Era uno che diceva: «Ho ucciso una roccia, ho ferito un sasso. Io faccio ammalare le medicine», tanta era la potenza dei suoi colpi. E anche delle sue parole, come hanno voluto sottolineare i curatori di «Muhammad Ali», una mostra di cento fotografie sul pugilie statunitense morto nel 2016, in esposizione al Pan da oggi al 16 giugno.
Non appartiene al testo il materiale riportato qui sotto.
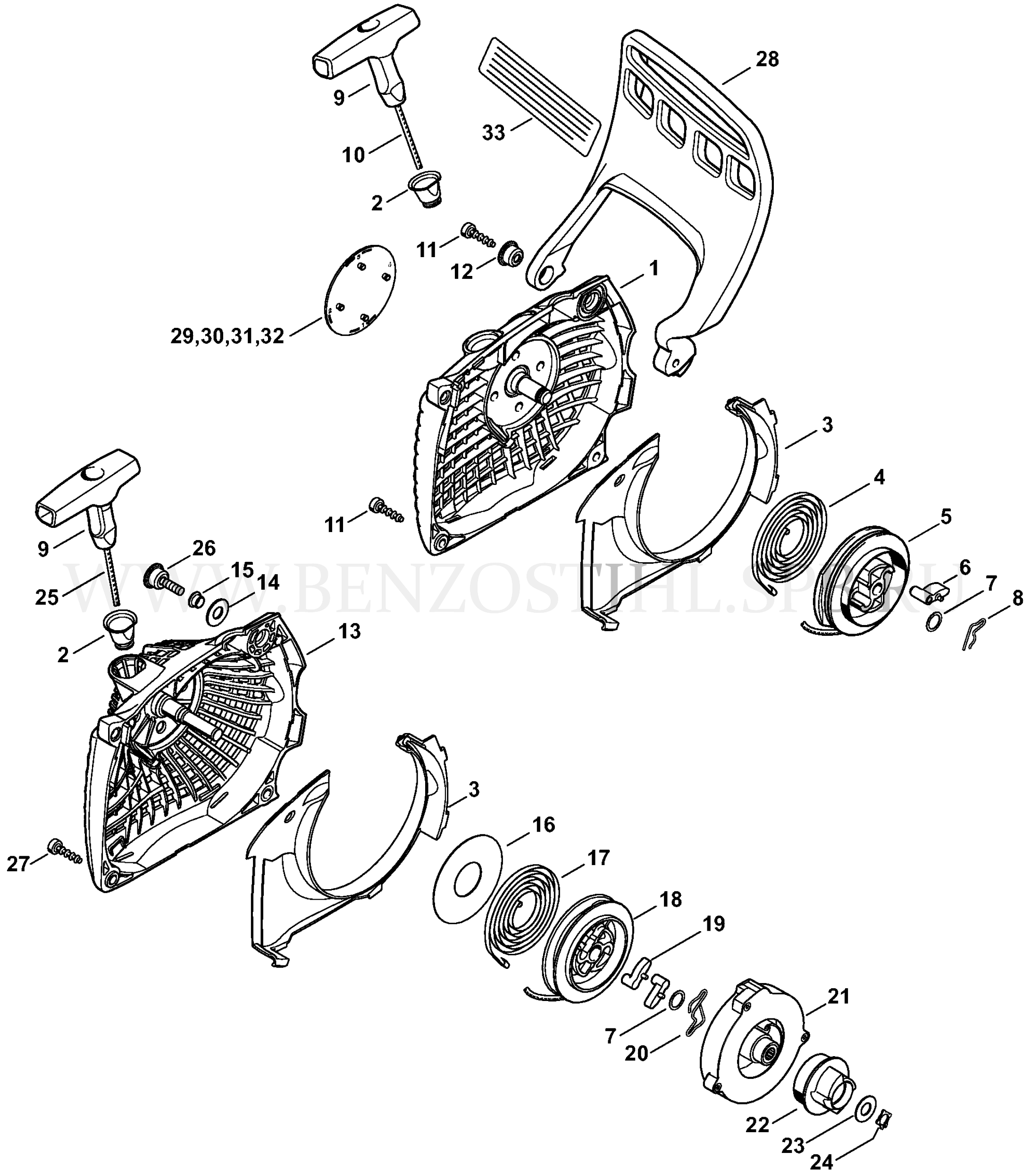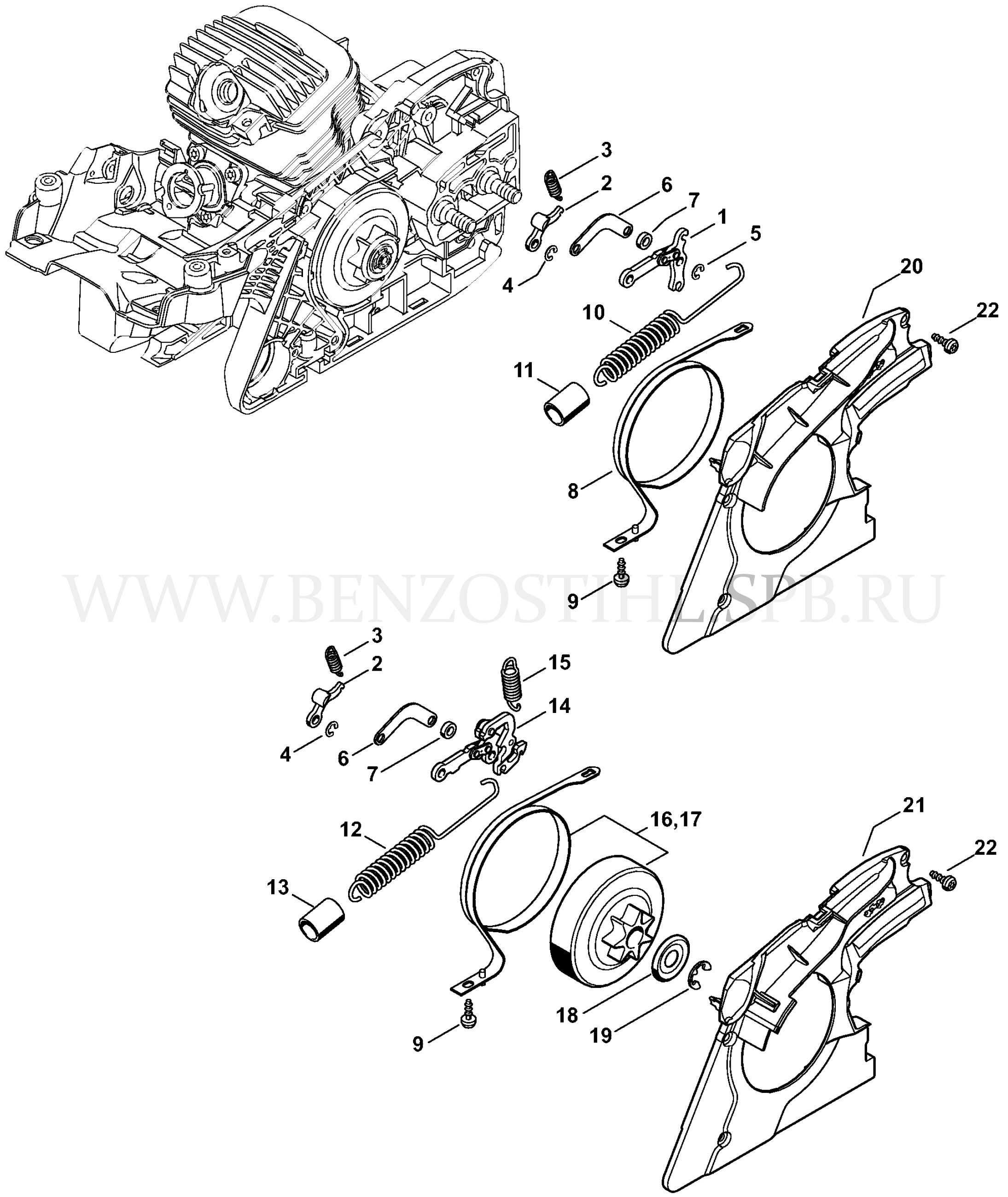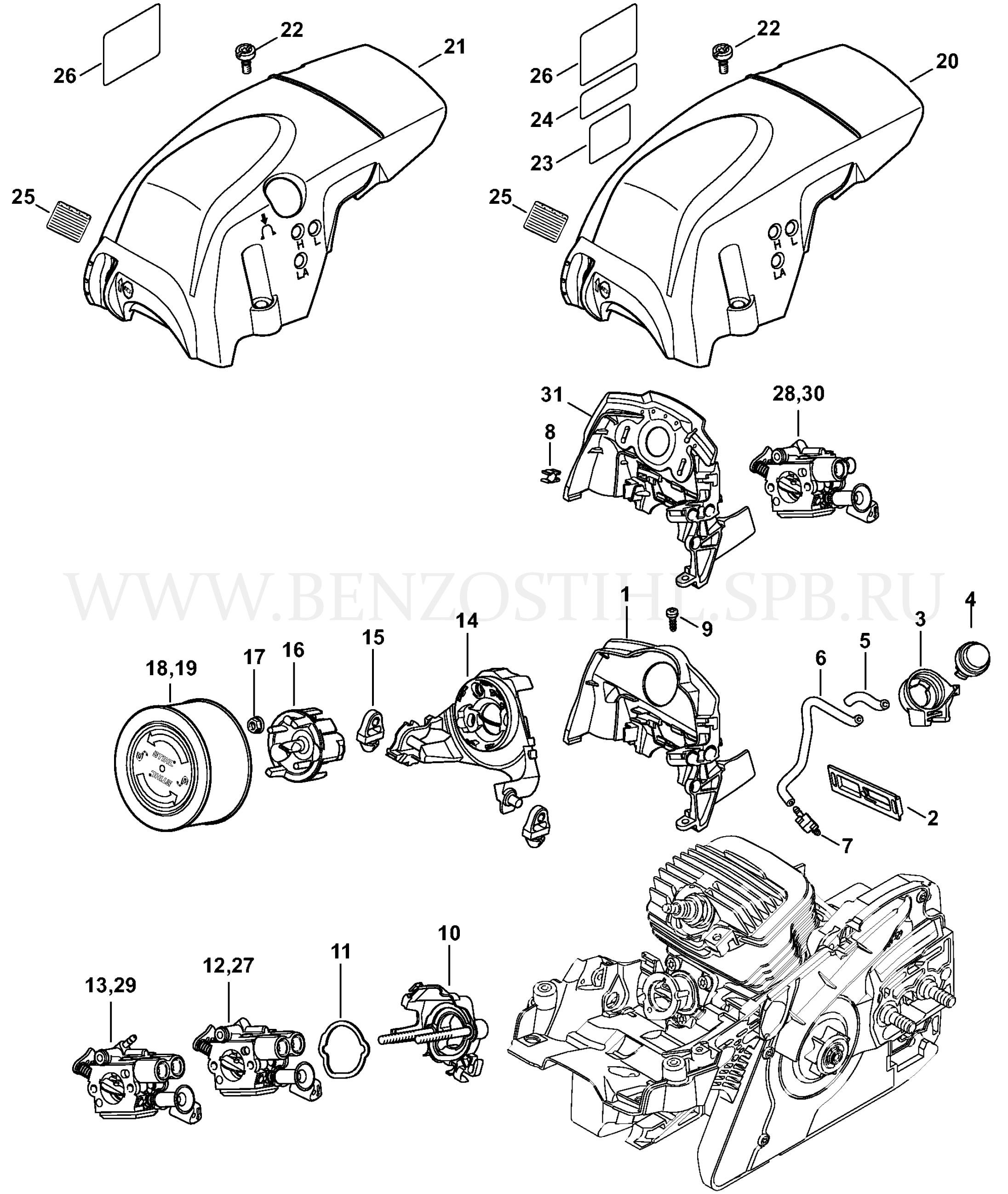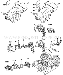 MS 291 Карбюратор, Воздушный фильтр, Кожух

Una delle stanze allestite è proprio dedicata alla forza del messaggio civile e delle battaglie cui il campione, nato col nome di Cassius Clay, ha dedicato una vita. Marco Pastonesi e Giorgio Terruzzi sono i giornalisti che hanno creato il percorso di immagini e brani, e hanno significativamente chiamato «doni» i settori in cui è suddivisa l'esposizione. Gli altri regali che Ali ha lasciato sono agli appassionati di boxe, alla dignità umana, ai compagni di viaggio, al coraggio e alla memoria. Girando per le sale del Palazzo delle arti in cui la mostra, curata da Vidi Visit different, esordisce si ha la sensazione di un ritratto completo: dalla palestra alla strada, dalla famiglia, o meglio le famiglie (il pugile si sposò ben quattro volte), a «The rumble in the jungle», ovvero il più grande incontro della storia della boxe che lo vide affrontare e battere George Foreman, il 30 ottobre del 1974 a Kinshasa.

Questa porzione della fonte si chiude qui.